友達 公演情報 シス・カンパニー「友達」の観てきた!クチコミとコメント

  • 実演鑑賞

    満足度★★★★

    久しぶりに観客がワクワクする演劇界の対決上演である。
    この一月の間に安部公房の代表作、「砂の女」と「友達」の意欲的な再演を見ることができた。「砂の女」(1962)は今や、日本演劇界の顔となったケラリーノ・サンドロヴィッチの台本・演出。片や「友達」(1967)の台本・演出は弱冠まだ二十代の俊英・加藤拓也。この公演のネット動画広告では、出てもいない人気俳優が次々に登場して、稽古場で「友達!」と叫ぶ。フェイスブックをもじった駄洒落だ。出演者の自己紹介の最後には童顔の加藤拓也が登場して「加藤拓也でーす、演出やりまーす」という。

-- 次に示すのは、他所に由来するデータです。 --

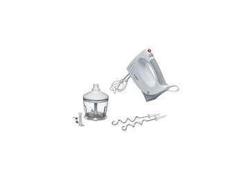 Мощность: 450 Вт5 скоростей + импульсный режим2 крюка для теста и 2 венчика из нержавеющей сталиУниверсальный измельчитель со съемным ножом из нержавеющей сталиНож для колки льдаКнопка-замок для отделения венчиков и крюковМягкие вставки на ручке и корпусе None
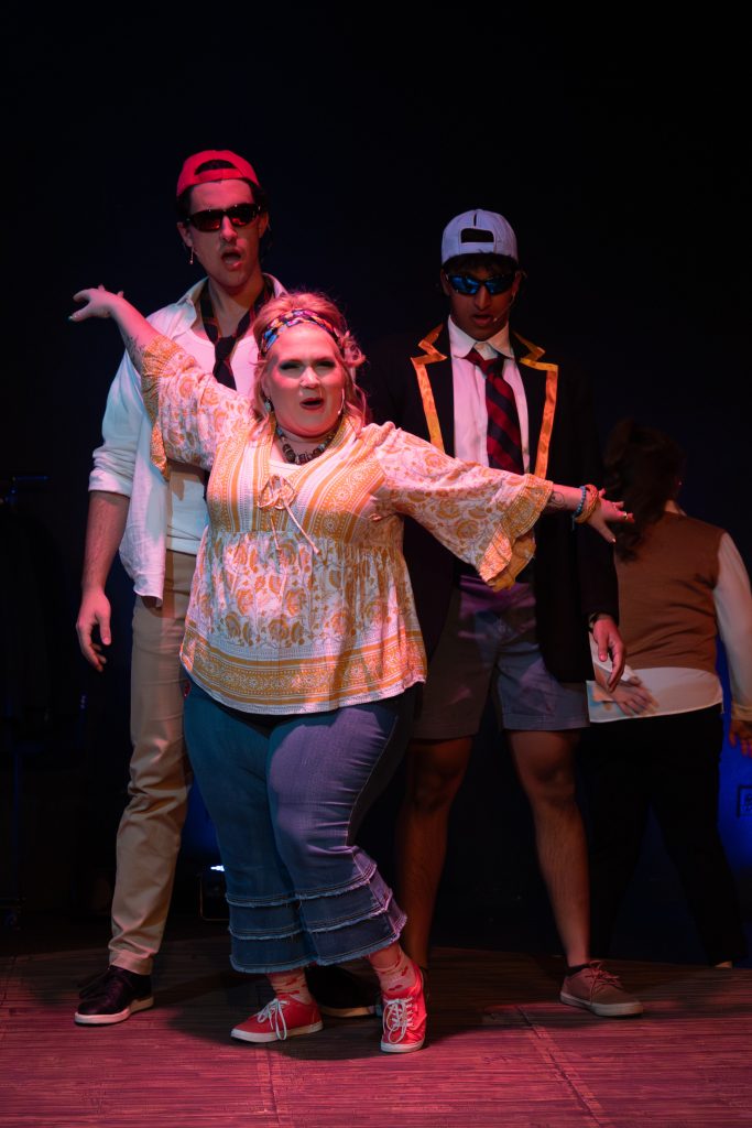 The Greek Chorus of Delta Nu sorority sisters is sprightly support – Natalie Sannes as energetic Serena, Lillie Self-Miller as chipper Margot, and Evan Lee as sassy Pilar, starting off with the cheery “Omigod You Guys” and being Elle’s sounding board.
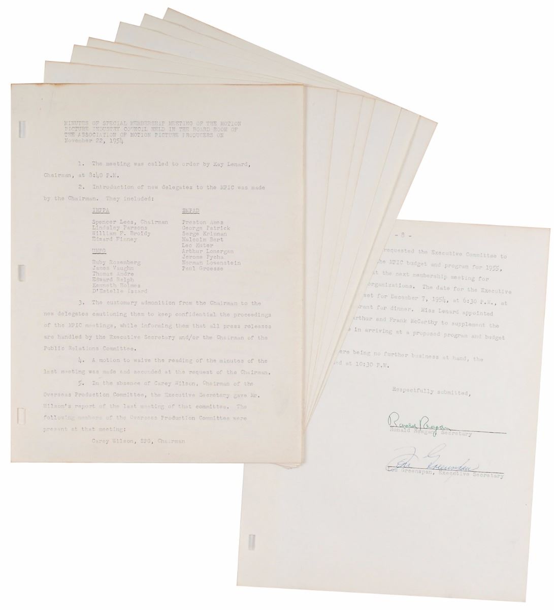 DS, eight pages, 8.5 x 1, November 22, 1954. Document headed “Minutes of Special Membership Meeting of the Motion Picture Industry Council,” mentioning Reagan several times. In part: “Ronald Reagan reviewed the past history of the MPIC, the grand job it had done and was still in a position to do providing it were adequately financed. He referred to the organization of the MPIC with: ‘This organization was formed in self-defense…Maybe one of the things we suffer from now is the spell of peace. To think of the organization going out of business because right now there isn’t enough support or interest…is like dismissing the army and navy because there is no war on.’” Signed at the conclusion in fountain pen by Ronald Reagan as secretary and countersigned by Lou Greenspan as executive secretary. In fine condition, with expected document wear. A wonderful, early Reagan example that demonstrates both his charisma and leadership abilities.

30年前のケラならやりそうな秀逸なプロモーション(CMグランプリ!!)で舞台への期待も高まる。シスカンパニーの制作。劇場は新国立のピット。トラムに負けない満席である。
    結果は、随分肌合いの違う安部公房が出来上がったが、演出者がそれぞれの視点から原作を現代に引き寄せた再演にしていて、ともに当年屈指の舞台になった。大家に挑んだ加藤拓也も負けていない。
    甲乙つけるのは野暮と言うものだから、感想を列記する。
    安部公房と言う作家について。現代社会の不条理を抽象的に把握していく戦後作家の世界が、今や、現実化してしまったことが、今回の新しい上演でよくわかった。これで、安部公房は現代に生命をもって再臨することになった.もちろん、砂の女の家も、闖入してくる家族も、抽象的な存在ではあるが、観客は現実社会と同じ水平でみて共感している。安部公房は、古典の位置を確かにしたとでもいおうか。
    「友達」の上演台本は、スマホも登場するし、生活環境も現代にしているが全く違和感がない。その点では、慎重に昭和三十年代の時代設定にこだわったケラの「砂の女」よりも軽やかに現代のドラマになっている。「民主主義」の空洞化は書かれた時代よりも進んでいるのでリアリティもある。
    「砂の女」の上演時間はほぼ3時間。映画よりも長い。「友達」はもともと二幕13場の舞台を数回の暗転で休憩なしの1時間半にまとめている。テンポも速い。時代に合わせたアダプテーションが成功している。(勝手な感想になるが)しかし、この台本だと、原作のラストを踏襲していいのだろうか。それはケラの時にも感じたが、その辺に安部公房の時代性があるのかもしれない。
    演出。この演出家は若いのにステージングがやたらにうまい!平面の板の中央に上下に出入りを作って効果的に使うのは以前も見た記憶があるが、この舞台でも孤独でガランとした主人公(鈴木浩介)の部屋に闖入者が地面から湧き出すように板の中央に作られたドアからドカドカと現れる。ここで芝居の構造がはっきりわかる。ほとんどの時間舞台の上には十人の登場人物がいる。一人一人芝居がついていてその集団が息をするように膨らんだり、締まったりする。セリフのあるところはほぼ、舞台中央で処理される。舞台演出の基本と言えば基本なのだが、このリズム感がいい。
    俳優。キャステキングがうまい。家族の山崎一(父)キムラ緑子(母)男女三人づつの兄弟姉妹たちもバランスがいい。客寄せも考えて(有村架純(次女)あるし、浅野和之(祖母)鷲尾真知子(管理人)大窪人衛(三男)の、普段は飛び道具の人たちもうまくはまっている。もっと面白くなりそうなのは、西尾まり(婚約者)内藤裕志(弁護士)。皆好演である。
    スタッフでは美術(伊藤雅子)。後半、遠見に街のシルエットが出てくるが、これが観客を和ませる。この奇妙な寓話劇に巧みに情感を残している。音響効果は電子音のノイズを軸として、ここは、昔の阿部公房風だ。
    この新国立の劇場へ来たから言うのではないが、こういう演劇界の刺激になる企画は新国立劇場が試みるべきではないか。普段、この劇場で見る日本の演劇は毒にも薬にもならないものがほとんどで、意味のある企画は、ここのところほとんどシスカンパニーの手で行われている。今の時代に「友達」を上演するという企画力、加藤拓也と言う若い演出者を起用して、地方も含めて長期の公演を成功させる(前売りは完売していた)興行力、演劇界を知り尽くした広範な分野からの的確な配役力、スタフィング。どれをとっても、この芝居をどう作るかと言う意図がはっきりわかる。流行の言葉で言えば「説明責任を果たしている」。そこが素晴らしい。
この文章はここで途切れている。